Wednesday, September 06, 2006

The Border War

A CBP Blackhawk swoops down on “bad guys” near the southwest border of the U.S.Our southern border with Mexico is a drug trafficking war zone that is as out of control as the flow of illegal immigrants is. Among the streams of illegal immigrants searching for a better life, lurk dangerous, violent, and reckless criminals and vicious extortionists.

Drug lords terrorize and take over border towns and villages and gangsters trade heroin for guns. The most violent end up on the FBI’s most wanted list. Take Jorge Eduardo Costilla Sanchez, head of the Gulf Cartel, just for one example, with $5 million reward on his head. Sanchez, in addition to being accused of trafficking thousands of kilos of cocaine and marijuana into the United States annually, is wanted for capital murder.

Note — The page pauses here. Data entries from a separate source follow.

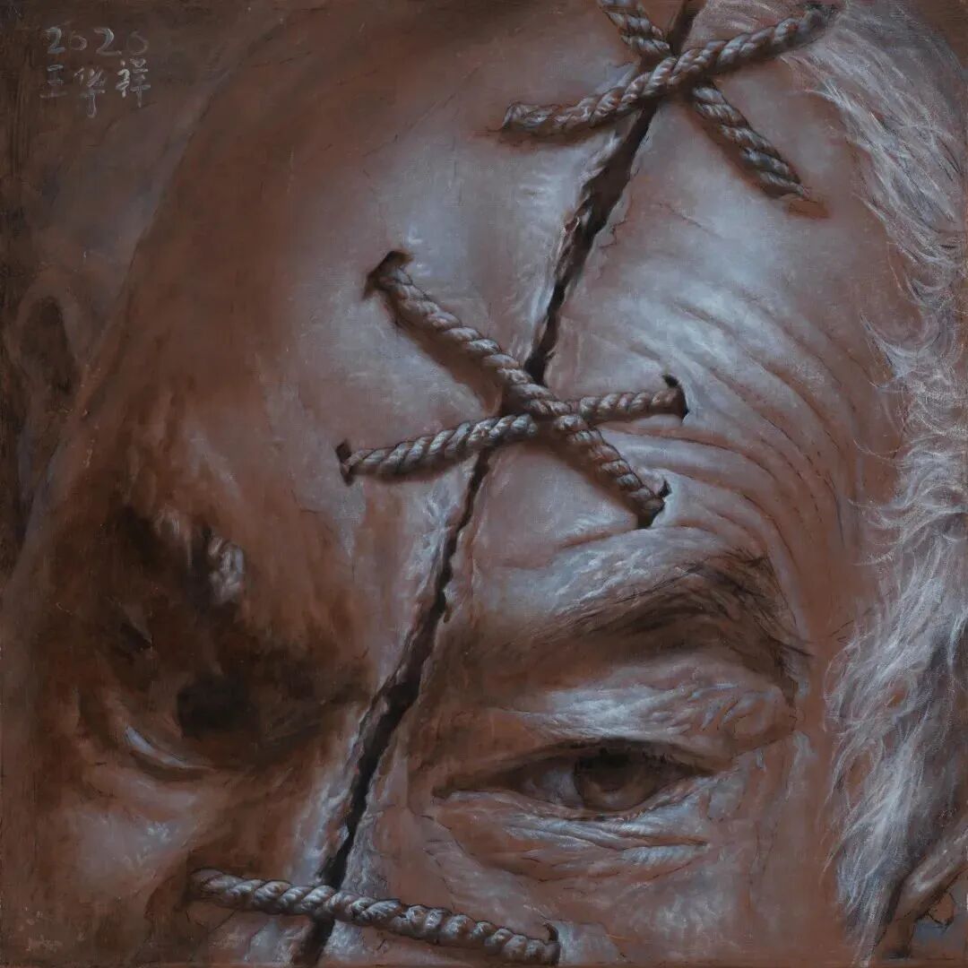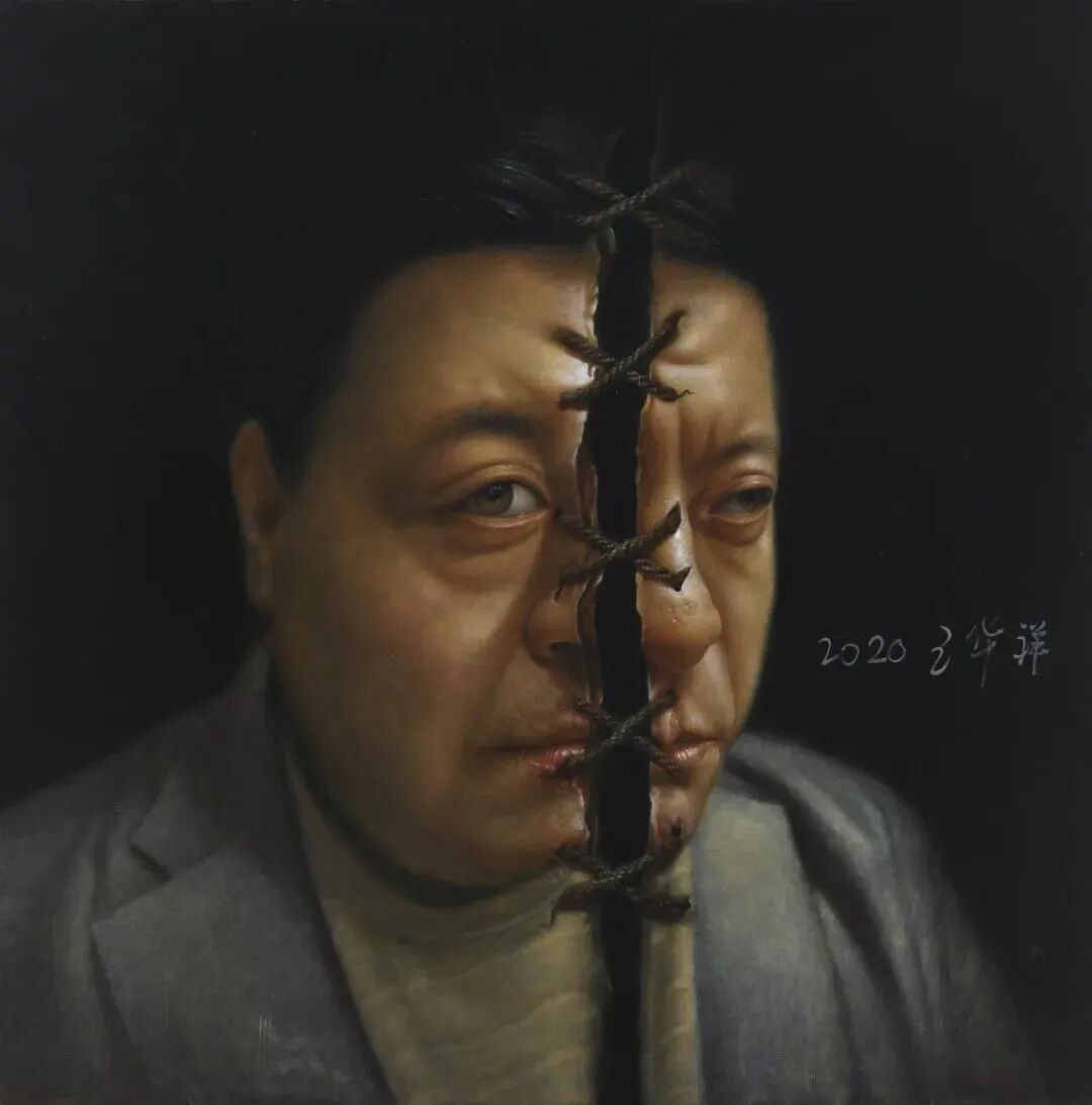 王华祥,《锔瓷》四,布面油画,120×120cm ,2020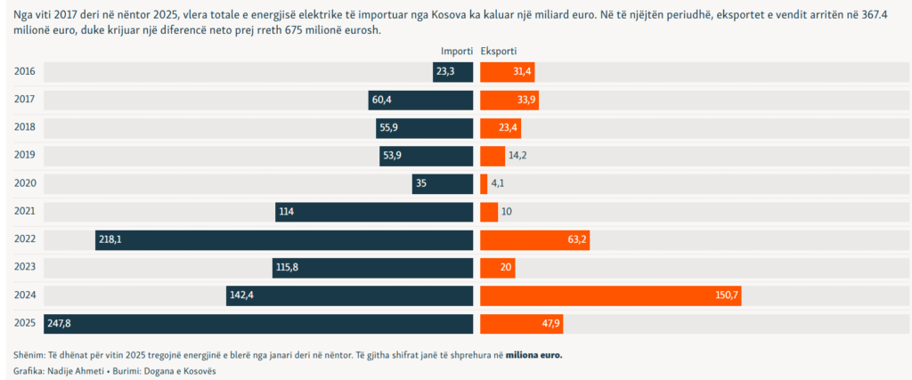 Kosova ka shpenzuar mbi një miliard euro për import të energjisë elektrike nga viti 2017 deri në nëntor 2025, duke thelluar varësinë nga tregjet e jashtme dhe duke krijuar një deficit të madh tregtar në sektorin e energjisë.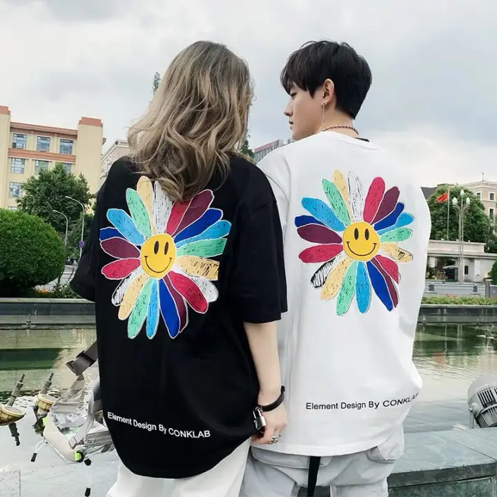 Ao Thun Form Rộng Tay Lỡ Nam Nữ Unisex Bong Hoa 7 Mau Ao Phong Rộng To Hinh Bong Hoa Mặt Cười Cực Hot Lazada Vn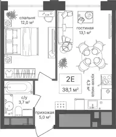 2-к.квартира, 38.1 м², 8 эт. в ЖК Михалковский Корпус 2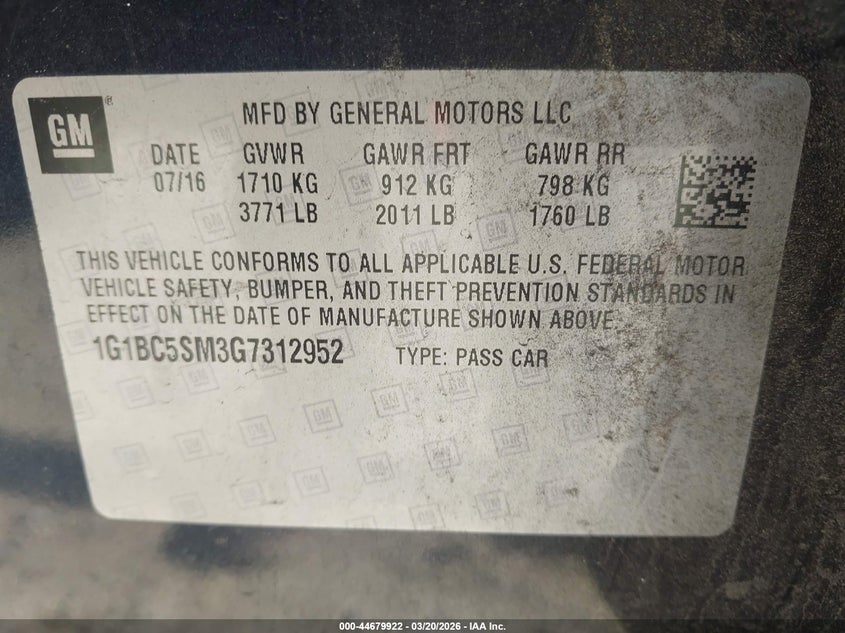 2016 Chevrolet Cruze Ls Auto

Ninety percent of the cocaine that comes into the United States is smuggled across the southern border, according to official figures. That’s a lot of cocaine, considering that the U.S. consumption is the largest in the world, with 5.9 million persons aged 12 or older using cocaine in 2003. Snorting coke is not just a personal sport. It has enormous social costs. Nearly half of state and local law enforcement agencies identify cocaine (powder or crack) use in violent crimes in their areas.

Well over 90% of all of the imported marijuana comes across the Mexican border. Meth availability is on the rise, fueled primarily by increased production of both powder and ice methamphetamine in Mexico.

The immigration problem brings illegal aliens, drugs, crime, the social impact on the states, and most probably terrorists. Social ills that Washington ignores. The only line of defense currently is the Border Patrol, the Texas Rangers and the civilian Minutemen. Did I mention there's an election 2008?